Jan 30 2009
in which birmingham makes apostrophes cry
I admit it: I’m a grammar Nazi. I worked as the copy editor of UAA’s student-run campus paper, The Northern Light, for almost two full years, and I only quit because I was leaving for my semester in England. (I’d hoped I’d be able to get the job back when I returned, but no such luck.) Blatant grammatical errors kind of hurt my soul; every time I see “your welcome” or “book’s for sale” or what have you, I die a little inside. I’d sort of hoped I’d see less of this in England, since supposedly people are smarter over there (I mean, it’s hard to beat the US for lousy school results, but apparently either that isn’t true or “smarter” doesn’t translate into “actually paid attention in school when they were teaching grammar”).
Well, now England has apparently decided to make that official. The Associated Press reports that Birmingham, England’s second-largest city, has actually banned apostrophes from street signs.

Seriously? What did the poor little apostrophe ever do to you people? Apostrophes are wonderful little beings. Leave them out and you really don’t know whether something’s plural or possessive. (Okay okay, you might know from context, but sometimes you honestly can’t tell.) Learning to use them properly is not that difficult, and abusing them just because you’re too lazy to learn how they’re supposed to be used? Well, that’s just shameful.
The really stupid bit is how the decision was made:
It seems that Birmingham officials have been taking a hammer to grammar for years, quietly dropping apostrophes from street signs since the 1950s. Through the decades, residents have frequently launched spirited campaigns to restore the missing punctuation to signs denoting such places as “St. Pauls Square” or “Acocks Green.”
This week, the council made it official, saying it was banning the punctuation mark from signs in a bid to end the dispute once and for all.
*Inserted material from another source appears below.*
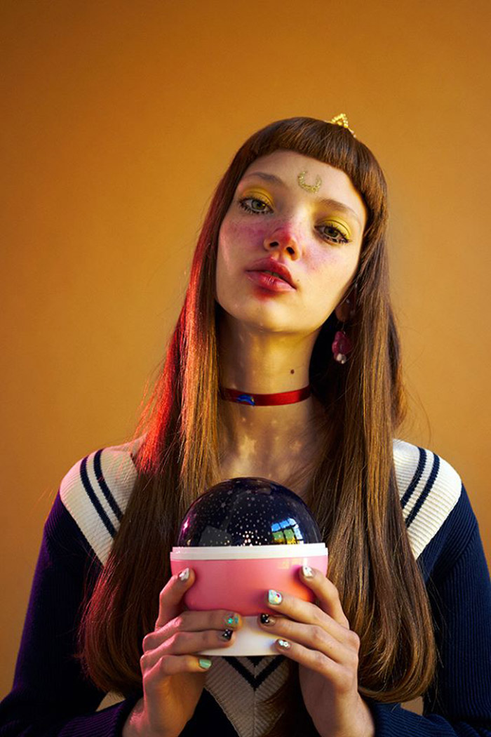 Pero, sobre todo, esta sesión es pura maravilla porque no podría ser más pertinente aquí y ahora, ya que “Sailor Moon” ha sido una de las series que la generación Tumblr ha abrazado con mayor fervor a la hora de construir su propio imaginario. Llámalo vaporware. Llámalo como te dé la gana. Pero lo que es indudable es que Berta Pfirsich la ha clavado a la hora de situar la nueva colección de Kling en un mundo repleto de sailors, gatetes, lazos, gargantúas, colores vivos y transformaciones mágicas. Qué bien sienta una barra libre de melancolía generacional, ¿verdad?

Councilor Martin Mullaney, who heads the city’s transport scrutiny committee, said he decided to act after yet another interminable debate into whether “Kings Heath,” a Birmingham suburb, should be rewritten with an apostrophe.
“I had to make a final decision on this,” he said Friday. “We keep debating apostrophes in meetings and we have other things to do.”
Mullaney hopes to stop public campaigns to restore the apostrophe that would tell passers-by that “Kings Heath” was once owned by the monarchy.
“Apostrophes denote possessions that are no longer accurate, and are not needed,” he said. “More importantly, they confuse people. If I want to go to a restaurant, I don’t want to have an A-level (high school diploma) in English to find it.”
This seems…counterintuitive. To put it mildly. They’ve been dropping apostrophes for years for no discernible reason, and fellow sticklers have come together to protest this and campaign to get the humble apostrophe reinstated. We have no mention of giant crowds picketing to have apostrophes removed. So to end the debate, they didn’t decide to put all the apostrophes back where they belonged. They banned them wholesale.
This…does not compute.
And that last quote by Mullaney? Do I even have to comment on it? That…pretty much mocks itself, right there.